Cervico-vaginal cultures identified multiple pathogens, including Chlamydia trachomatis, Mycoplasma hominis, and Ureaplasma parvum.
Abstract
Background and Clinical Significance: Pelvic inflammatory disease represents a multifaceted sexually transmitted disease affecting women of reproductive age, beginning in adolescence. Clinical presentation ranges from asymptomatic patients to acute abdominal pain in the setting of tubo-ovarian abscesses; however, presentation as primary peritonitis with seemingly intact fallopian tubes is exceptional.

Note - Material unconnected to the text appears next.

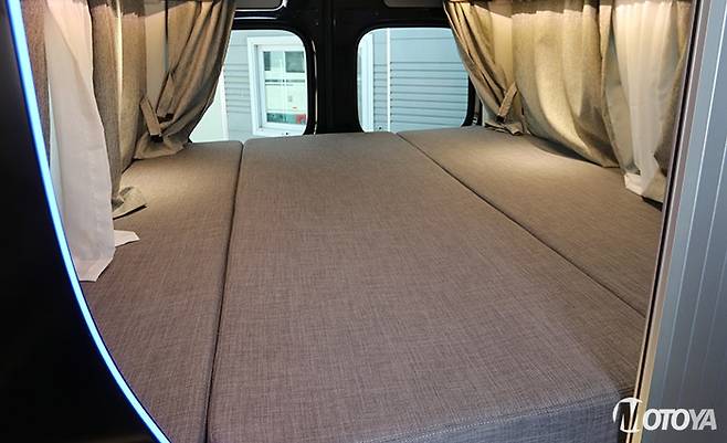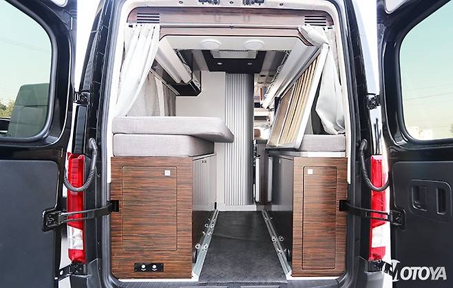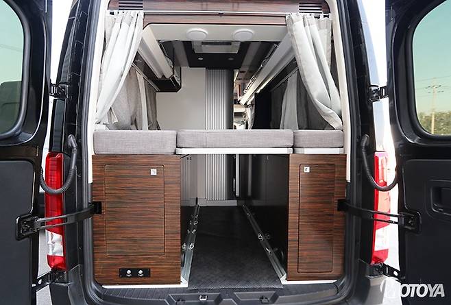 후방의 접이식 침대와 이를 이용한 중앙 적재공간은 여타의 캠핑카들이 갖지 못한 쏠라티 캠핑카만의 요소이자 쏠라티 캠픵카가 유럽식 캠퍼밴의 DNA를 품고 있음을 증명하는 요소다. 이러한 침대 구조는 이동시에는 차량의 적재용량을 충분히 활용할 수 있으면서도 정박시에는 침대 공간을 그대로 살릴 수 있어 유럽에서는 캠퍼밴형 차종을 중심으로 널리 사용되고 있는 방식이다.

Primary peritonitis in the absence of other comorbid conditions (e.g., liver cirrhosis and nephrotic syndrome) in healthy, immunocompetent women is rare and typically occurs without an identifiable intra-abdominal source. The diagnosis can be challenging due to its mild-to-moderate, nonspecific symptoms. Case Presentation: We report the case of a 21-year-old immunocompetent woman who presented with lower abdominal and left iliac fossa pain with hyperleukocytosis. Laparoscopic exploration…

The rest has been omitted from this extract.